Police are good at making arrests, but the purpose of the meeting was to determine what they can do so they don't have to make an arrest in the first place.

"You deserve peace in your neighborhood. But what are you going to do about it?" Dawn Ison, United States Attorney for the Eastern District of Michigan, said

It was a call to action for the community from law enforcement who came to Detroit Police Headquarters Thursday afternoon to brainstorm how they can be intentional with their ongoing partnerships to reduce crime in the metro. 

"We remove those bad actors. We're getting better at doing it, where we're now focusing on those drivers of violent crime and not just everyone who's being a nuisance.. But what we're trying to do is what we're good at, is creating that environment for folks like yourselves," Orville Greene, Special Agent In Charge of the Detroit Field Division of the Drug Enforcement Administration (DEA), said.

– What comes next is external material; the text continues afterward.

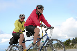 We decided to skip the brandy and amphetamines. The road from Bédoin rose gently at first, at a gradient of about three percent, providing a welcome warm-up for the muscles. The day was growing warmer, but we could see signs of the Mistral above, as the clouds were scudding quickly across the sky. After about three miles the climb kicked up in gradient to seven, then nine or ten percent. We have tackled much steeper climbs at home, but they were much shorter and usually shelved. This climb though was relentless, twisting through the forest. Frequently we were overtaken by riders on solo bikes (one cannot climb as quickly on a tandem). Some offered encouragement, some expressed doubt as to our sanity, some engaged us in conversation. A few passed without a word, listening to their iPods or perhaps preferring to concentrate on their objective. One or two dismounted from time to time and walked, but we stayed in our saddles and climbed steadily on, stopping occasionally to have a drink or eat an oat bar.

But they face an uphill battle. 

"We can't police a community without some type of agreement for the community to be policed. If the community decides, 'we don't want to be policed by you because we don't trust you. We don't like you.' It's not going to happen," Detroit Police Chief James White said.

So this is their reality. 

"Over and over you go into communities, and that's what you hear: 'the police don't show up until somebody's dead,'" Chui Karega, an attorney, said.

"Even with the people who are inclined to be accountable. We have to be transparent and legitimate in those communities. And these police incidents that happen, the way we start rebuilding this trust, is by calling out that stuff that's wrong," Inson said.

Their hope is the community will open up to them and bring some justice to families of crime victims like Shahita McNeal.

Somebody dumped her dead baby brother, Glenn Roy McNeal, at a Detroit hospital days before Thanksgiving. 

"I just hope and pray that things get done, and we get the help that we need in the city to slow these crimes down," Shahita McNeal told CBS Detroit. 

"The unique thing we can provide is the idea of focusing on those drivers of violence in the community, the very small amount of people who are exacting a lot of violence that need to be held accountable by the community," Ronald Davis, Director of the U.S. Marshals Service. 

But there's the understanding among law enforcement that they can't arrest their way out of this problem. So there are plans underway to help those who are involved in a criminal lifestyle get jobs or go to school so they can leave that lifestyle behind.